我正在使用django-viewflow来跟踪复杂的业务流程。为了避免使用冗长的Flow类和flows.py文件,我希望将一个流提供给另一个流。这可能吗?
我尝试了以下代码,但是Python引发了NotImplemented异常。
class SecondFlow(Flow):
process_class = SecondProcess
start = (...)
class FirstFlow(Flow):
process_class = FirstProcess
start = (
flow.Start(
CreateProcessView,
fields=['foo']
).Next(SecondFlow.start)
)
如果将FirstFlow路由到SecondFlow的开头,那就太好了。
编辑:我尝试使用提供的建议和文档,但是出现以下错误:'StartFunction'对象没有属性'prepare'
下面是我的新代码。
from viewflow import flow, frontend
from viewflow.base import this, Flow
from viewflow.flow.views import CreateProcessView, UpdateProcessView
from .models import FirstProcess, SecondProcess
@frontend.register
class SecondFlow(Flow):
process_class = SecondProcess
start = flow.StartFunction(this.create_flow
).Next(this.enter_text)
def create_flow(self, activation, **kwargs):
activation.prepare()
activation.done()
enter_text = (
flow.View(
UpdateProcessView,
fields=['text']
).Next(this.end)
)
end = flow.End()
@frontend.register
class FirstFlow(Flow):
process_class = FirstProcess
start = (
flow.Start(
CreateProcessView,
fields=['text']
).Next(this.initiate_second_flow)
)
initiate_second_flow = (
flow.Handler(this.start_second_flow
).Next(this.end)
)
def start_second_flow(self, activation):
SecondFlow.start.run()
end = flow.End()
第二次修改:在将装饰器添加到SecondFlow的create_flow方法中后,此方法才起作用。

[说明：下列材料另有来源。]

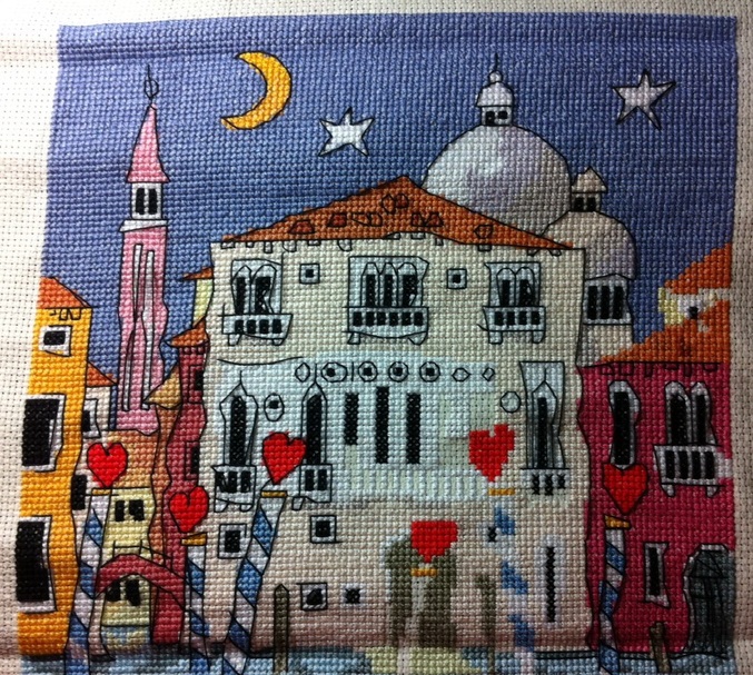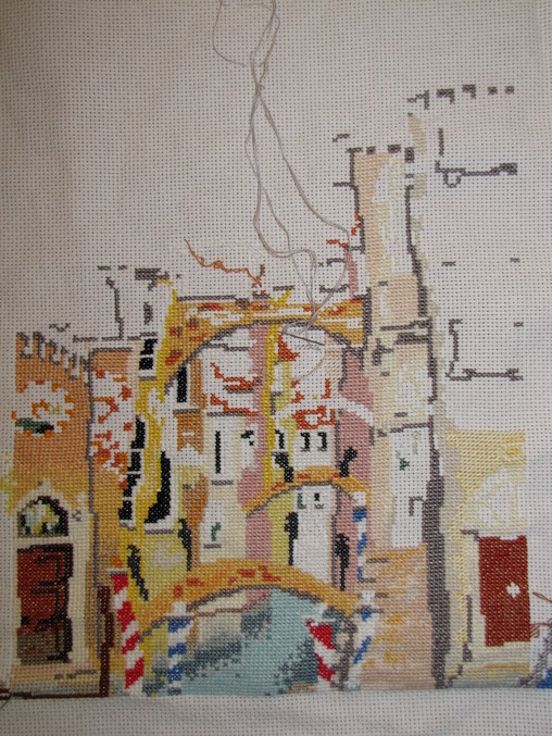 всем привет! понедельникденьтяжелый - это про меня. повышивать сегодня не удалось. да и вообще всю неделю какие-то дела были, это отчет уже полдня пишу, постоянно что-то отвлекает. Венеция моя продвинулась вот на сколько:
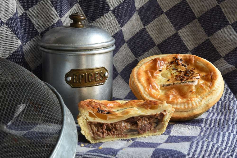 Met een vulling van gestoofd rundvlees en champignons. Verkrijgbaar in een kleine, middelgrote en grote variant.

from django.utils.decorators import method_decorator
...
@frontend.register
class SecondFlow(Flow):
process_class = SecondProcess
start = flow.StartFunction(this.create_flow
).Next(this.enter_text)
@method_decorator(flow.flow_start_func)
def create_flow(self, activation, **kwargs):
activation.prepare()
activation.done()
...
答案 0 :(得分:1)
flow.Start是用于由用户调用并创建过程的“开始”视图的任务。 View可能具有某些逻辑,通常,该逻辑依赖于request数据。因此,除了通过浏览器访问URL之外,您无法在其他地方调用flow.StartView和flow.View。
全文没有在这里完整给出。